Encoding of special characters - ANSI/Unicode to ASCII conversion

Encoding of special characters - ANSI/Unicode to ASCII conversion

2
NewbieNewbie
2

    Apr 22, 2010#1

    UltraEdit Ver 5 provided a viable workaround for a problem I was never able to understand or fix. The workaround, however, no longer works in my new Ver 16. I know the problem is not with UE, but, after a zillion hours of floundering, I think the community of UE users is the group most likely to be able to suggest a solution to the problem, or at least how to get the UE workaround working again.

    So: I compose email in M/S Word in Windows, then cut and paste it into the AOL Write text box. Although it all looks right on my PC, many special characters, like the apostrophe in contractions, are garbled when the recipient gets it. AOL spell-checking fixes these characters one word at a time, but the workaround took only a few clicks and was simply to paste first into UE, then cut and paste from UE into AOL. The apostrophe, for instance, was changed from X92 to X27 going through UE Ver 5.

    There must be a general concept I am missing here since I have had this problem over the lifetime of many versions of Windows, Word, and AOL.

    Thanks in advance for whatever insight and help you can provide.

    Regards,
    George A. McClain

    6,606548
    Grand MasterGrand Master
    6,606548

      Apr 23, 2010#2

      Text written in Word is encoded by default using the codepage defined in the Windows regional and language options. For Western European, US and Canada this is Windows 1252 (ANSI - Latin I) which is very similar the standardized codepage ISO 8859-1 (Latin I). This is an ANSI codepage which means it uses 1 byte per character and the codepage contains therefore just 256 different characters.

      The first 32 characters are control characters. The next 96 characters are standard characters. The 32 control characters plus the 96 standard characters are well known as ASCII characters. Those 128 characters requiring 7 bits are the same in most codepages. The upper 128 characters in the codepage with 256 characters differ depending on which codepage is selected.

      When editing in Word and inserting a character not available in the standard codepage, Word inserts this character as Unicode character making the surrounding text block completely Unicode. So a Word file can contain a mixture of ANSI and Unicode encoded text making text searches with Windows Explorer in binary Word files (*.doc) a little bit tricky and unpredictable.

      When you copy a text written in Word to clipboard, Word copies them either as ANSI or as Unicode text to the clipboard depending on which characters the text includes. Contains the text any Unicode character, the entire text is copied as Unicode text to the clipboard, otherwise ANSI is used.

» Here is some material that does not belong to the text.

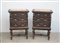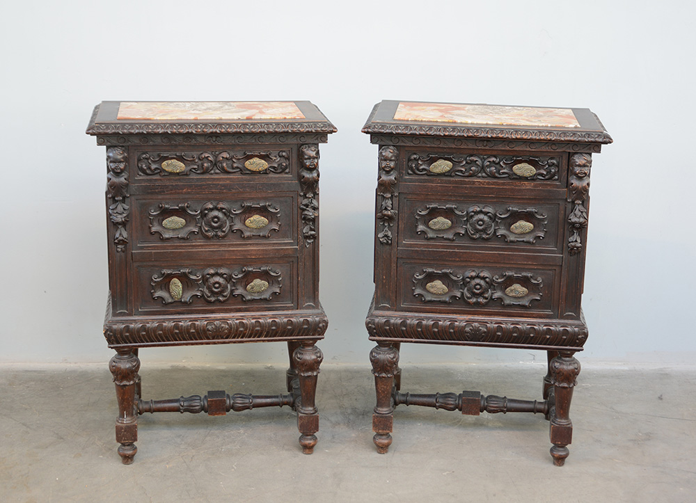 Coppia di comodini a tre cassetti con fronte e montanti intagliati (cm 58x88x38)
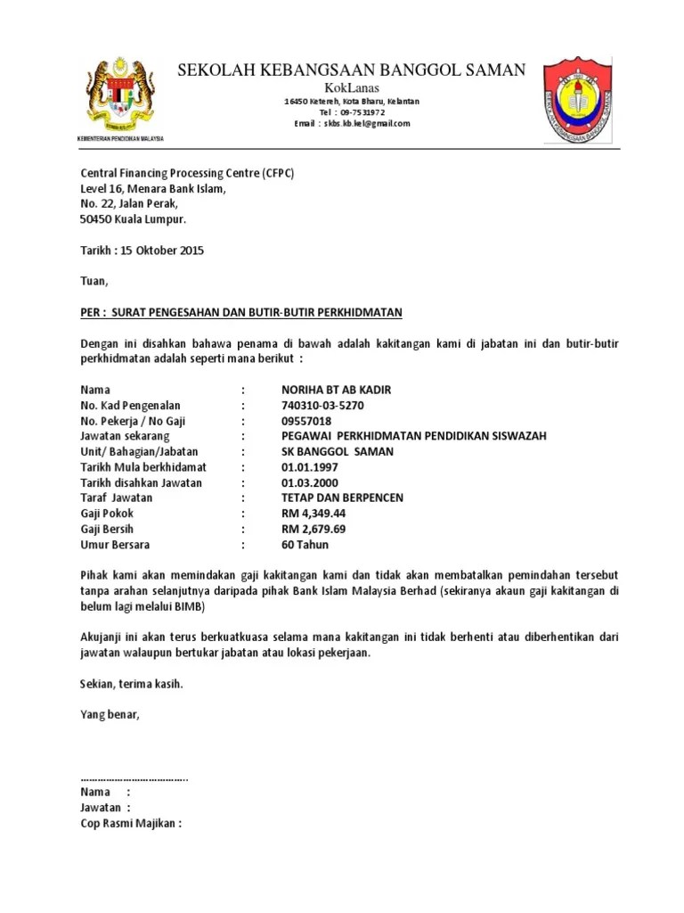 Surat pengesahan jawatan contoh 2. Lembar pengesahan merupakan salah satu bagian pokok yang menjadi bagian terluar didalam suatu penulisan berbagai keperluan karya tulis seperti laporan pkl, skripsi. Contoh surat akuan pengesahan pendapatan bagi yang bekerja sendiri gantikan slip gaji edu bestari. Bahasa yang digunakan bersifat formal. Pengurus xyz sdn bhd, 80200 johor bahru majikan. Contoh surat pengunduran diri ini dibuat untuk anda yang kebetulan menjadi pengurus suatu organisasi, namun tidak bisa lanjut menjadi pengurus dengan berbagai alasan. Dibawah saya sediakan contoh surat pengesahan majikan yang terbaik. Adalah disahkan bahawa pekerja di atas, nama, no kad pengenalan : Jika anda ingin membuat pinjaman (loan bank) dan membeli rumah, pihak bank pastinya inginkan surat pengesahan majikan sebagai bukti anda bekerja dan ingin melihat. Berikut dikongsikan contoh surat meliputi surat pengesahan jawatan buat panduan semua. kemaskini ini merupakan format atau contoh surat rasmi kebenaran bekerja daripada majikan yang syarikat kami bertanggungjawab dari segi kejuruteraan. Penulisannya menggunakan kalimat baku dengan memperhatikan kaidah eyd. Pengesahan jawatan biasanya dalam tempoh sebulan hingga 6 bulan atau lebih lama bergantung.

      New files in UltraEdit are either ANSI files or Unicode files depending on the encoding configuration setting for new files. By default the setting is set to ANSI using also the codepage defined in the Windows regional and language settings. So when pasting a text from Word it is either inserted into the new file 1:1 or is converted from Unicode to the current ANSI codepage using the relevant Windows kernel function.

      What you want is a conversion from Unicode or ANSI to 7 bit ASCII to use just the first 128 characters instead of the 256 ANSI or the 65536 Unicode characters. As far as I know this can be done only with a macro or script. If you want such a script or macro, please reply and ask for it and tell us what you want (script or macro). Important for us to know is what is your standard codepage. You can see that by starting UltraEdit, open a new file and look on View - Set Code Page.

      By the way: Why are you not writing the text for AOL in a text editor instead of MS Word? That would already avoid inserting ` and ´ when you click on key for character '. Of course you can disable the AutoFormat option of MS Word which converts straight single and double quotes into left and right single and double quotes, too.
      Best regards from an UC/UE/UES for Windows user from Austria

      2
      NewbieNewbie
      2

        Apr 23, 2010#3

        Thank you the clear and detailed explanation. It is exactly what I was hoping to get in the UE Forum. My standard code page is 1252.

        Turning off Word AutoFormating seems like the right choice this morning. I will have to see if that means giving up some function I really want, but I have frequently found things like auto-list and auto-bullet more annoying than helpful. I may find I am glad to have it gone.

        I use Word for correspondence simply because that is the way I have always done it since Word replaced Dos Script and later Email replaced hardcopy in an envelope. However, I will look into switching, especially if that would provide good search capability in my old letters.

        Thanks for the offer regarding a special script or macro, but I do not think that will be necessary. And thanks again for quick and very helpful response.

        Regards,
        George A. McClain

        901
        MasterMaster
        901

          Apr 23, 2010#4

          Since newer versions of UE can detect and manage encoded characters, it no longer swaps them out with standard replacements from the standard ASCII character table. As Mofi said, your best option is to write the message in a text editor in the first place instead of using Word.

          Just an FYI... I'm not sure if this is a bug or a "feature"... but when I select the View -> Reset Fonts menu option, the single and double open and close quotation marks display as the "garbled" characters that you say your recipients see. If you really must clean up an encoded text string you could try this technique to visually identify the characters you need to clean up before your cut and paste into AOL.